Veja, de forma semelhante, o artigo do juiz A. Shoham e advogado Liberation, "Redução da Punição ou Redução da Responsabilidade pelo Crime de Assassinato", Sefer Menachem Finkelstein, p. 456.
- Em relação ao ônus da prova, foi decidido que "para se enquadrar no escopo do crime de homicídio culposo em circunstâncias de responsabilidade reduzida, o réu é obrigado a levantar uma dúvida razoável de que as circunstâncias que estabelecem a responsabilidade reduzida existam, e se a promotoria não refutar, a seção se aplicará a seção."Recurso Criminal 6528/23 Yehudit Merer v. M.I., parágrafo 31 (22 de setembro de 2024)).
Do Geral ao Individual - Aplicação da Regra aos Fatos do Caso
- Após considerar a totalidade das provas apresentadas a nós, as versões do réu, as opiniões psiquiátricas e os depoimentos de peritos, concluí que, neste caso, as condições do Seção 301B(b)(2), em vista de todas as razões que serão detalhadas abaixo;
Examinando a Existência de um "Transtorno Mental Severo"
- O réu, que tem cerca de 60 anos, levou um estilo de vida completamente normativo durante toda a vida, sem ser conhecido pelo sistema psiquiátrico. Cerca de dois anos antes do assassinato (a defesa não apresentou documentos ou dados sobre a data exata), o réu passou por uma cirurgia de hérnia, após a qual teve dificuldades para voltar ao trabalho. O réu, que trabalhou na construção por cerca de 30 anos e atuou como gerente de canteiro de obras, acostumado a ser uma pessoa feliz e forte, que sustentava a família e era um fator dominante nela, se viu desempregado, com sua falecida esposa sustentando a casa. O réu fez vários esforços, que não deram frutos, para fundar uma nova empresa, aprender coisas novas (um curso de cripto), conduzir procedimentos periódicos de TAMA remotamente, mas não conseguiu encontrar um emprego ordenado e permanente. Como resultado, e não incomum, houve uma deterioração no humor e na energia do réu.
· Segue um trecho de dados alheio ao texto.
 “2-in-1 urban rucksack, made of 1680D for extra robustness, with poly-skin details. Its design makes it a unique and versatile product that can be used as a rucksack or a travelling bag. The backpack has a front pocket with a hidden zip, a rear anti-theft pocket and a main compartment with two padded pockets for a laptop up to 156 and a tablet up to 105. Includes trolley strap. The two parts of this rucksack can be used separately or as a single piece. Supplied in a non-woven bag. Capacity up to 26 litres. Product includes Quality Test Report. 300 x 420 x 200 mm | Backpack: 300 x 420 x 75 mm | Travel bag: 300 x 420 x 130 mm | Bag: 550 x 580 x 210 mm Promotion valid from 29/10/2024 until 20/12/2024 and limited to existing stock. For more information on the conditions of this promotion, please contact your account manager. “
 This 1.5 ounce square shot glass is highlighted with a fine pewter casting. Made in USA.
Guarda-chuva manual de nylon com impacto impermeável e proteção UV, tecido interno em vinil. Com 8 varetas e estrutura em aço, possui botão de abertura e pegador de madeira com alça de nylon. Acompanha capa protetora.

No entanto, tanto de acordo com o depoimento do réu quanto com os depoimentos dos demais membros da família (com exceção do depoimento do filho Yarden, que não foi adotado por mim), até janeiro de 2023, o estado mental e a conduta do réu não se desviaram daqueles que acompanham, mais de uma vez, a situação de pessoas que se encontram desempregadas por um longo período.
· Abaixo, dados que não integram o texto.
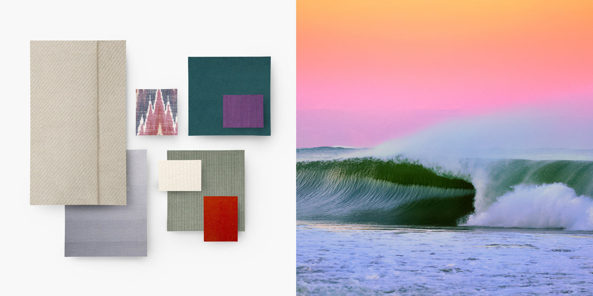 Japan's perfect breaking green waves set off by vivid sunset pastels of orange, violet and pink.

- Os problemas financeiros do réu e a sensação de perda de valor que acompanhou seu desemprego também foram acompanhados por problemas médicos, principalmente problemas dentários devido a implantes que colapsaram em sua boca. A combinação dessas dificuldades objetivas e realistas levou o réu a sentimentos de depressão e, cerca de cinco semanas antes do assassinato (em 5 de janeiro de 2023), ele teve seu primeiro ataque de pânico, enquanto estava na casa de seu irmão Yechiel Attias, e de repente sentiu que "o fim do mundo está próximo." Desde aquele dia, o réu continuou a sofrer de sentimentos depressivos intermitentes, sofreu um ataque de ansiedade severo na Geórgia e, poucos dias após seu retorno, ingeriu comprimidos para dormir em quantidades excessivas.
- Não há dúvida, portanto, de que, nas cinco semanas que antecederam o assassinato, o réu sofreu, de forma intermitente e irregular, sentimentos de depressão e, ocasionalmente, teve ataques de pânico. O réu também foi diagnosticado com um transtorno de personalidade de um cluster A É acompanhado por linhas histéricas e narcisistas. A personalidade do réu foi diagnosticada como estando localizada em um nível de organização quase baixo.
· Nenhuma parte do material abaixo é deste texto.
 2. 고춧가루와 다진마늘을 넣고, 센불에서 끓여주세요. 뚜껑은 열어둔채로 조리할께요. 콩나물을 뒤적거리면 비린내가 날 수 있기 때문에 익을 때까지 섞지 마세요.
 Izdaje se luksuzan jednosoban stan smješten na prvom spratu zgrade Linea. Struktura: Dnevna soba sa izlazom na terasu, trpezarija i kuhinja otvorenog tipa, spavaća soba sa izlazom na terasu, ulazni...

Não há controvérsia entre os especialistas de que a depressão sofrida pelo réu não foi depressão maior e que não foi acompanhada de sintomas psicóticos. Tanto o Dr. Eisenstein quanto o Dr. Or concordaram que a depressão, por si só, não constitui um "transtorno mental grave" (ver o depoimento do Dr. Or, pp. 328, parágrafos 13-22). Aceito a determinação do Dr. Eisenstein, que está bem fundamentada na totalidade dos dados e nos materiais investigativos, de que a depressão da qual o réu sofreu era depressão reativa, tendo em conta problemas financeiros, problemas odontológicos e o medo de que o falecido o abandonasse (pp. 39-40 do depoimento do Dr. Eisenstein).